Review meetings and updates received from the police by the Council

  1. The casefile shows that a senior manager from Mr B’s employer acted as case manager. It is clear that Mr B communicated with his employer regarding the case.
  2. The police log of the investigation shows that information was shared with the Council on several occasions. The Council casefile shows that updates were provided by the police by email or telephone on 5 May, 11 May, 31 July, 6 Aug, 15 September and 22 December.
  3. The casefile shows that:
    • the contact on 5 May was a short update concerning progress of the police investigation;
    • the contact on 11 May contained a short precis of CCTV evidence;
    • the contacts on 31 July and 6 Aug contained no new or relevant information;
    • the updates on 15 September and 22 December were passed to Mr B’s employer;
    • the update on 22 December contained the outcome of the criminal proceedings.
  4. Working with Children policy para 33 identifies the designated officer as having overall responsibility for oversight of procedures and resolving inter-agency issues. It also says that reviews should be conducted at fortnightly or monthly intervals.
  5. Working with Children policy para 35 says the police should also set target dates for review of progress of police investigations on the police. The wording of para 35 indicates the requirements on the police are in addition to those in para 33.
  6. The decision was made at the multi-agency strategy meeting on 3 May that the allegation against Mr B would be taken forward as a police investigation. Until the conclusion of that investigation, the Council’s involvement was necessarily limited.
  7. The updates from the police were recorded in the casefile. It is evident the Council pro-actively sought an update from the police on 31 July 2017 and did not passively wait for information.
  8. There is no evidence of review meetings until the Council attempted to convene one in January 2018. I find this to be fault by the Council because it did not comply with Working with Children policy para 33. But that caused no injustice to Mr B, because the police criminal investigation was still current and updates were being sought and received by the Council from the police. There would have been little additional benefit to holding review meetings.
  9. There is no evidence the Council conspired with the police to cause Mr B injustice. The designated officer did attempt to arrange a strategy review meeting, on the same day as learning of the outcome of Mr B’s criminal case. The police declined to attend the meeting and it did not go ahead. The Council had no power to compel the police to attend. I do not find this to be fault by the Council.
  10. I am aware of Mr B’s strong feeling that the investigations should have been brought to a much earlier conclusion on the evidence, which includes the interim finding by the professional body and that he has suffered significant injustice as a result. I am unable to consider any injustice suffered by Mr B arising from the criminal investigation, because this was not a responsibility or function of the Council.

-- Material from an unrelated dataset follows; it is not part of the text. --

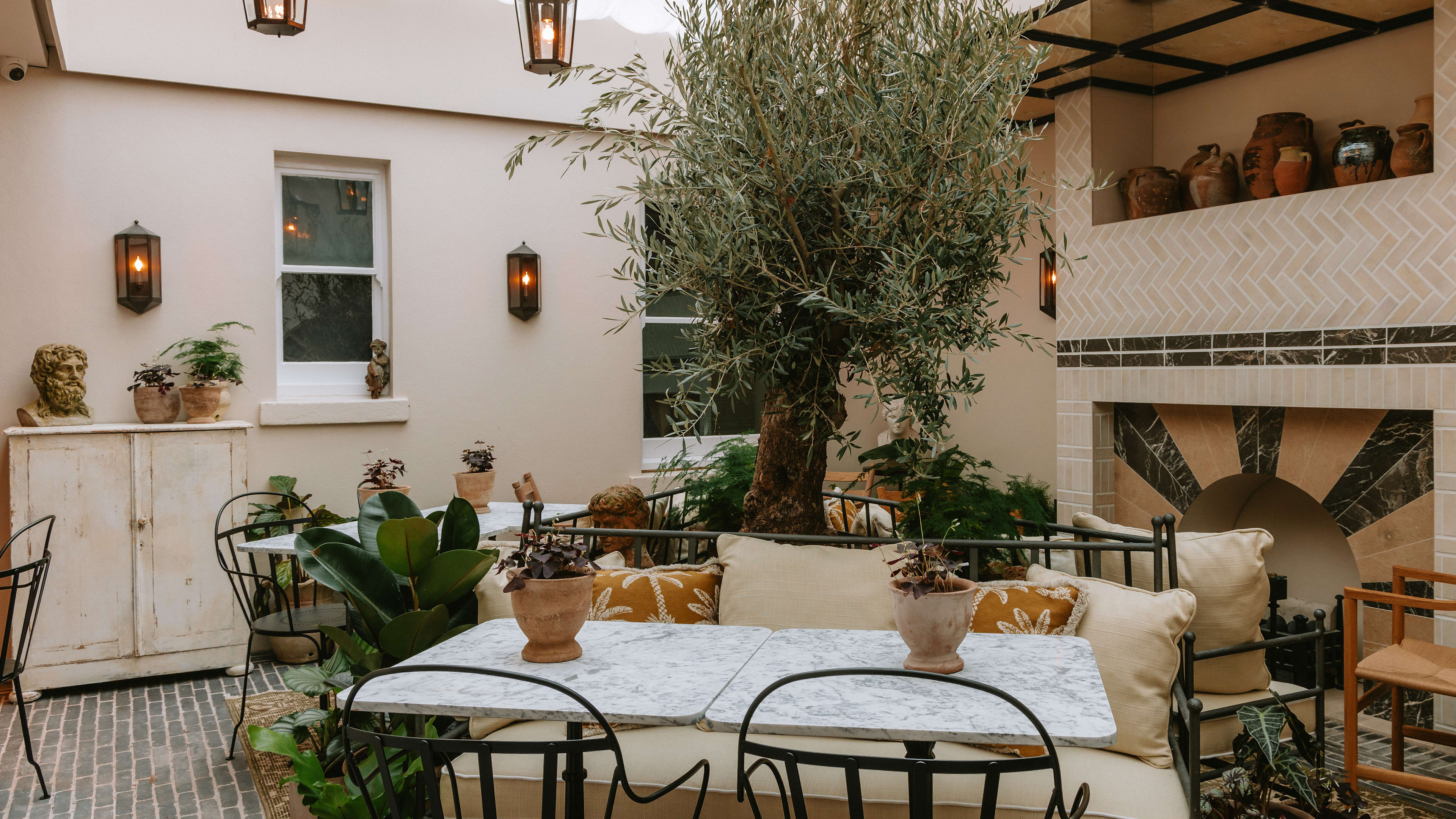 Breakfast will be from 7am to 10am, lunch and afternoon tea from noon to 3pm, dinner servings from 5.30pm to 9pm. Pizzas will be paddled out on the terrace from 11am onwards. The bar closes when everyone's gone to bed.

Information sharing requests by the Council

  1. Working with Children para 45 says wherever possible, the employer should ask the police to obtain consent to share statements and evidence for use in the employer disciplinary process. However, the Council not the employer, made the decision as to whether to require Mr B’s employer to conduct an internal investigation. Consequently, the responsibility in this case for obtaining consent to share evidence in an internal investigation was the Council’s. It was within the designated officer’s role, (resolving inter-agency issues), to accomplish this.
  2. There is no evidence the Council asked the police during the ongoing criminal investigation to either obtain consent to share material for use in the employer disciplinary process, or recommend to Mr B’s employer it could do this. I find this to be fault by the Council, as had information sharing requests been processed during the preceding months, it would have ensured that all relevant information would have been available to Mr B’s employer immediately after the conclusion of the court case in December 2017.
  3. However, this did not cause any injustice to Mr B, because sufficient material was provided to Agency M to conduct the internal investigation by Mr B himself and due to leave over the Christmas period, the internal investigation would, on the balance of probabilities, not have been started earlier.

Mr B’s criminal trial

  1. Mr B’s trial was held in December 2017. His defence made a submission for ‘no case to answer’, which the court upheld. Accordingly, Mr B was acquitted and found not guilty. The standard of proof required in a criminal court is that of ‘beyond reasonable doubt’.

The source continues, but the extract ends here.